As regras de McConnell, no entanto, preveem que isto seja decidido após os argumentos da acusação e da defesa e as 16 horas de perguntas e respostas que se seguirão — ou seja, na metade do julgamento. Também está previsto que novas testemunhas, se aprovadas, deponham primeiro em privado para que o Senado decida, em seguida, se serão ouvidas publicamente. A admissão de provas também poderá ser submetida à votação, segundo o regulamento proposto por McConnell.

ACUSAÇÃO E DEFESA APRESENTAM SEUS ARGUMENTOS

 

Abuso de poder

 

O que diz a acusação: Considera que há evidências de que houve um pedido formal do presidente para que um governo estrangeiro interferisse na democracia americana. Cita casos de funcionários de alto escalão, como juízes, que foram afastados por terem realizado negócios pouco transparentes, e lembra que as definições legais sobre o impeachment não necessariamente demandam um crime para que o processo vá adiante. Por fim, a acusação reafirma a consistência das provas e a veracidade dos depoimentos, e tacha o argumento da defesa de “errado e perigoso”.
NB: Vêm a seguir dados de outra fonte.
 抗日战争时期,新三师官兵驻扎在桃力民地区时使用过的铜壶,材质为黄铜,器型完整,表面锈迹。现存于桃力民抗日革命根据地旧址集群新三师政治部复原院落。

O que diz a defesa: Chama a teoria de “novelesca”, dizendo que os fatos relatados não se encaixam na definição de “altos crimes e contravenções” passíveis de impeachment, segundo a Constituição americana, e podem trazer danos à separação de Poderes. Eles consideram ainda que as acusações foram “montadas” pela oposição, e que, se levadas adiante, podem enfraquecer a Presidência “de forma permanente”.

Obstrução do Congresso

O que diz a acusação: Argumenta que as ações da Casa Branca impediram que a própria Câmara cumprisse seu dever constitucional de fiscalizar a Presidência. Além disso, considera que não houve qualquer tipo de cooperação, ao contrário do que ocorreu nos três processos de impeachment anteriores. A acusação ainda refuta a ideia de que uma colaboração com o processo violaria o princípio de separação de Poderes, dizendo que o presidente “não pode ser o árbitro de seus privilégios”.
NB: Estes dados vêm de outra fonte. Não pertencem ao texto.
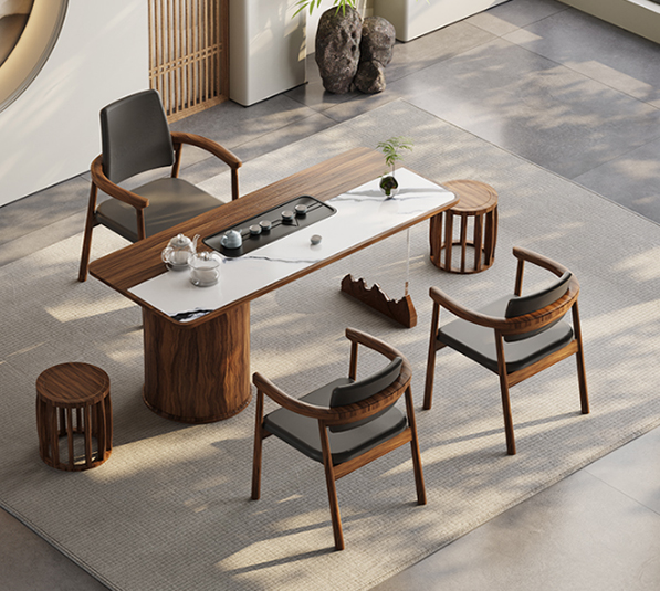 材質(zhì):面板30mm實(shí)木圓角邊緣設(shè)計(jì);多層實(shí)木貼木皮;一體式烏金石茶盤;天然加厚南美胡桃木腳架,大自然的獨(dú)特的美感,天然質(zhì)感保留木紋觸感;全自動智能抽水茶藝爐。所有基材均達(dá)到國家環(huán)保(國家檢測E1級標(biāo)準(zhǔn))要求,甲醛含量達(dá)歐洲免檢產(chǎn)品標(biāo)準(zhǔn);五金配件經(jīng)過防腐防銹處理。

O que diz a defesa : Argumenta que invocar privilégios e imunidades “para proteger a separação de Poderes” não torna o presidente passível de afastamento do cargo, referindo-se às ordens expressas da Casa Branca para que integrantes do governo não prestassem depoimentos ou fornecessem documentos à investigação na Câmara. A defesa alega ainda uma “diferença de opiniões legais”, dizendo que isso não pode ser usado para pedir um impeachment.

Alegações iniciais

O que disse a acusação: Menciona as dezenas de horas de depoimentos e que os advogados do presidente foram convidados para as sessões públicas do inquérito. Afirma que muitos dos procedimentos ditos ilegais por Trump por não terem sido autorizados pelo plenário “não requerem esse tipo de aprovação”. Os democratas afirmam ainda que os presidentes “normalmente não participam dessa etapa do processo”, citando o caso de

Richard Nixon, e concluem que, mesmo que houvesse uma falha no processo, “essa seria resolvida quando as provas fossem apresentadas ao Senado”.
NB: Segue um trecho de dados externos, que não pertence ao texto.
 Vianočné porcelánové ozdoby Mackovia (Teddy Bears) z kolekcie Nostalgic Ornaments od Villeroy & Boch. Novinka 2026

O que disse a defesa: Os advogados questionam a abertura do inquérito e a condução dos trabalhos pela oposição democrata, citando as intimações e os depoimentos secretos, tomados no que a defesa chama de bunker. Além disso, eles mencionam o que consideram ser “falhas” no processo, o que inviabilizaria qualquer declaração de culpa.